_PROBLEM DETAILS_
Set down the final stretch of the data, from the line that holds "Une affiche de" through the last line, both included, with pictures left out.

_DATASET EXTRACT_

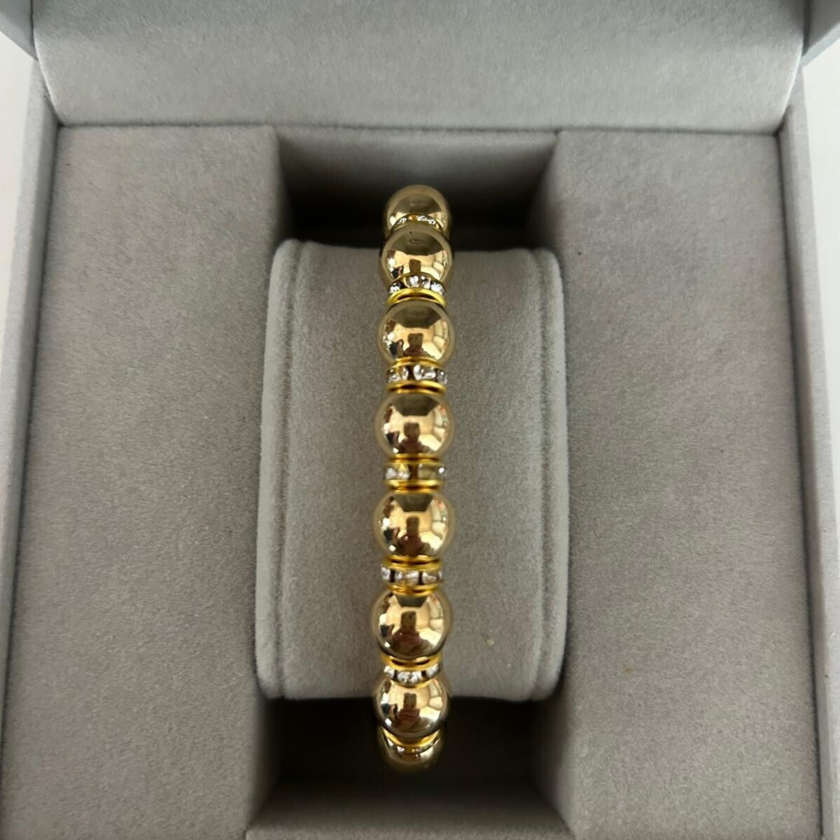 Acrylic and copper gold coloured beads with silver rhinestone spacers.
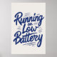 Une affiche de typographie manuscrite sarcastique avec l'expression "Running on Low Battery" dans un script de brosse libre. Parfait pour les amateurs d'humour, idéal pour les chambres, les bureaux ou les dortoirs.
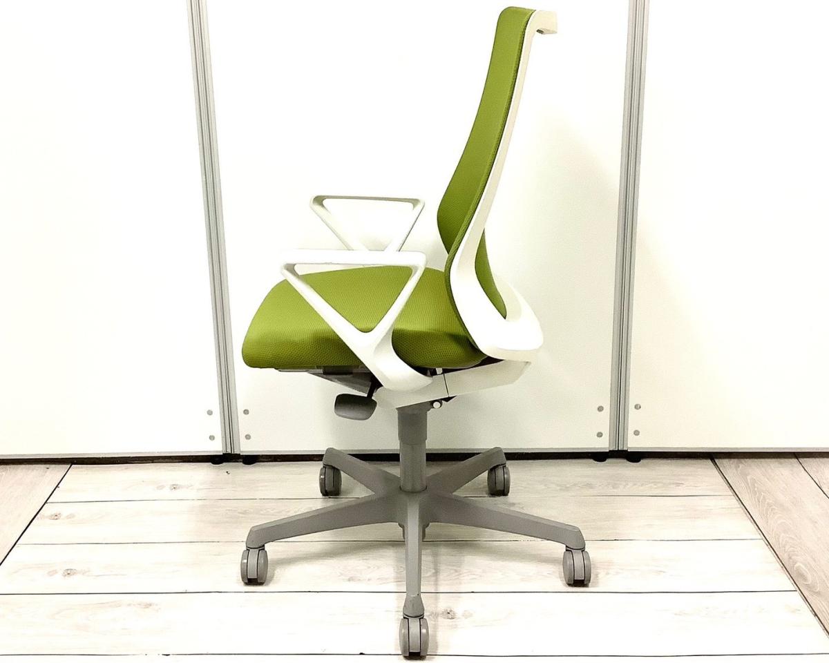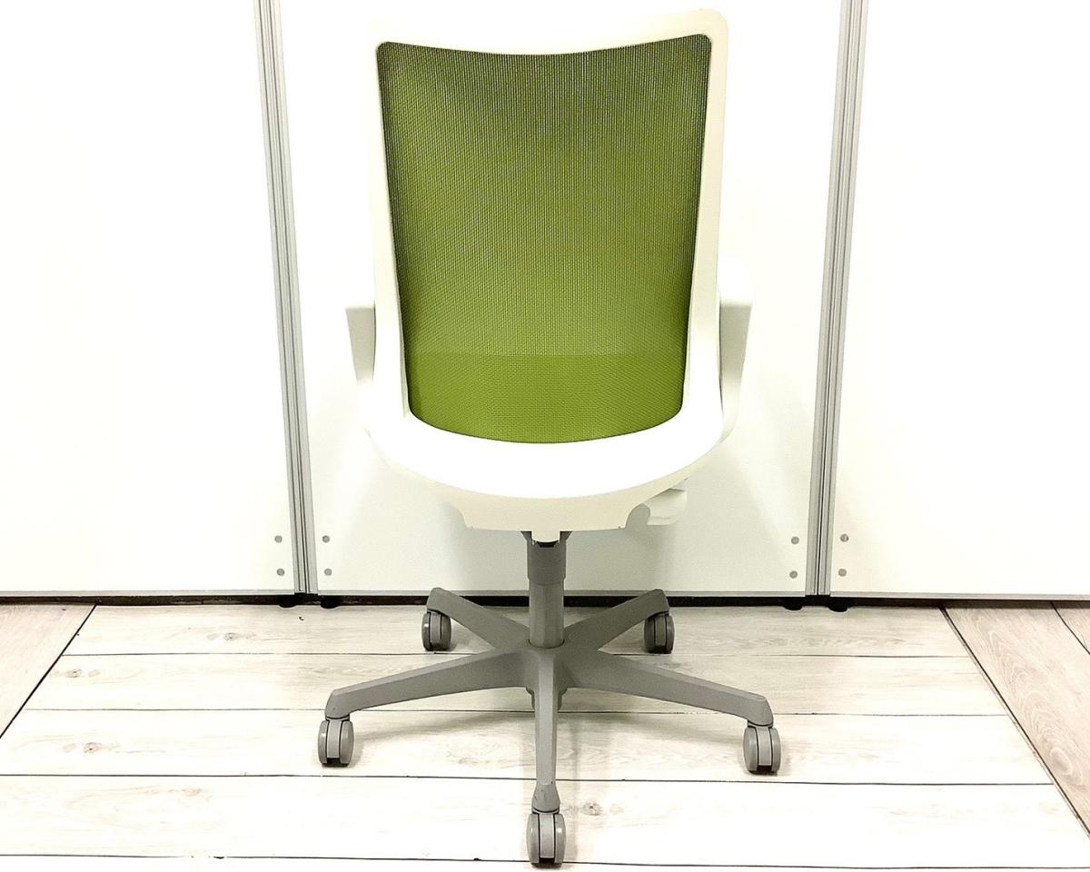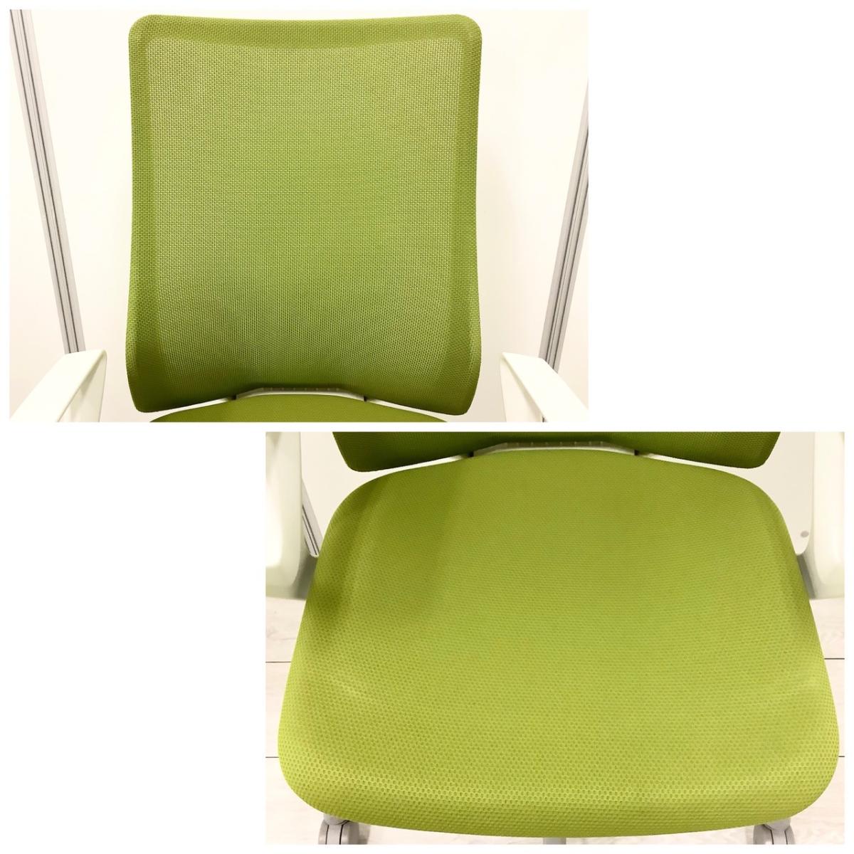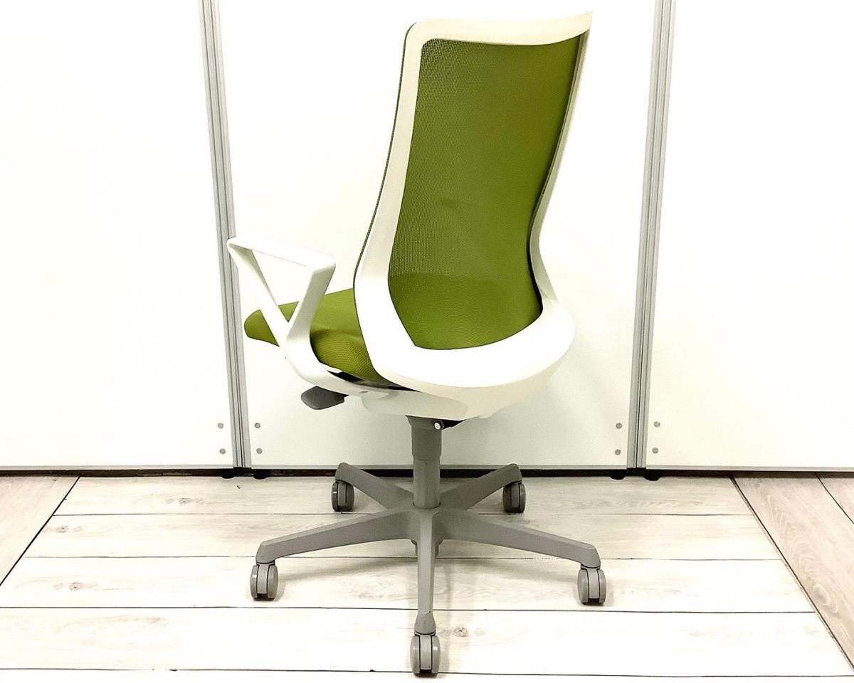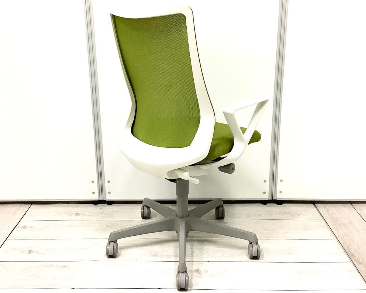 ★オカムラ製 フルーエント グリーン ホワイトフレーム 肘付き ハイバック 背面メッシュ デザインアーム※固定肘 腰まわりをしっかりホールド! 長時間作業も快適フィット! 肘付きハイバックチェア!!

_RESULT FOR THIS EXERCISE_
 Une affiche de typographie manuscrite sarcastique avec l'expression "Running on Low Battery" dans un script de brosse libre. Parfait pour les amateurs d'humour, idéal pour les chambres, les bureaux ou les dortoirs.
 ★オカムラ製 フルーエント グリーン ホワイトフレーム 肘付き ハイバック 背面メッシュ デザインアーム※固定肘 腰まわりをしっかりホールド! 長時間作業も快適フィット! 肘付きハイバックチェア!!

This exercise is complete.